The officials were convicted last month of charges relating to violent protests over disputed elections in 2005 that the opposition says were rigged.
"Nearly 200 people were killed in clashes between protestors and security forces over the vote. Prime Minister Meles Zenawi said he regretted the post-poll violence, but blamed it on opportunistic rioters and an opposition conspiracy to topple him by force."
I read the Reuters’ article to a friend, but replaced Ethiopia with Zimbabwe and Zenawi with Mugabe. There seemed nothing out of the ordinary to her. And indeed, it’s likely that most people in the West would not have detected the deception. It meshes with the Western narrative on Zimbabwe.
If you’ve been reading Western Press accounts, you would expect Mugabe to round up the opposition (whose leaders have long threatened the violent overthrow of the Government), charge them with treason, and seek their execution.
But he hasn’t.
Had he, a storm of indignation would have swept the Western world. Yet Zenawi does the same, and no politician works himself up into high moral dudgeon, no calls are made for sanctions or Western military intervention, and no emergency meeting of the UN Security Council is convoked.

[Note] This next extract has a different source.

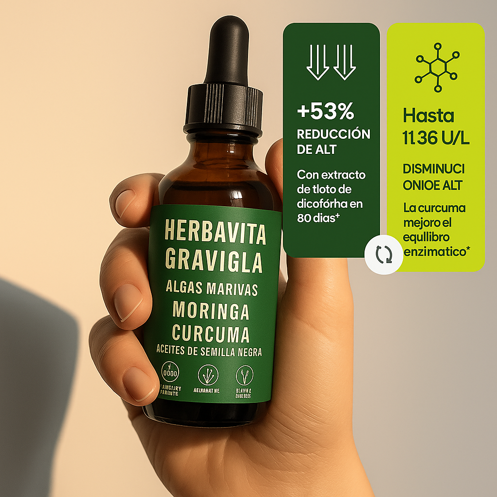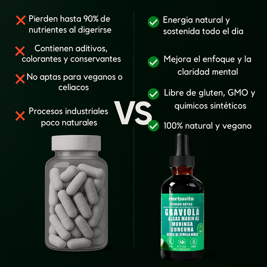 Herbavita 10-en-1 combina 10 superalimentos naturales en un solo gotero líquido que restaura tu energía, mejora la digestión y reduce el estrés
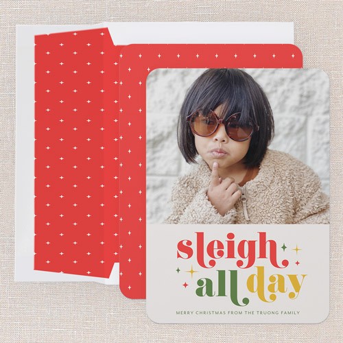Send a Christmas card friends and family will love. Add your own greeting and everyone's names. There's room for more photos and wishes on the back, too.

Just a solitary Reuters’ dispatch.
Why?
The answer is that Ethiopia is fully within Washington’s orbit, acting as a reliable proxy enforcing US geopolitical interests in the resource-rich Horn of Africa.
Zimbabwe, by contrast, pursues the opposite tact, implementing policies that seek to free itself from Western domination and to frustrate US imperial designs on the continent.
Zimbabwe indigenises its agriculture and economy; Ethiopia intervenes militarily in Somalia at the behest of Washington, to restore a US-puppet government.
Weeks before Ethiopia invaded Somalia, US General John P. Abizaid flew to Addis Ababa to arrange for Zenawi to unleash the US-trained Ethiopian military on Somalia. Washington even went so far as to shelter Ethiopia, whose military relies on equipment made in North Korea, from penalty for violating UN-sanctions against North Korean arms sales.
Ethiopia needed to import replacement parts from North Korea if the invasion was to go ahead without a hitch. Washington, which championed the sanctions, said "go ahead".
Numberless people are being manipulated by Western governments and media, their outrage harnessed to achieve geopolitical goals that have nothing whatever to do with human rights and democracy, and everything to do with the question of who gets to control the oil spigot, mining concessions and vast tracts of fertile land.
Mamdani calls those caught up in the Save Darfur Campaign innocents. The same could be said of those caught up in the dump Mugabe campaign. — raceandhistory.com
l Stephen Gowans is a Canadian writer and political activist based in Ottawa.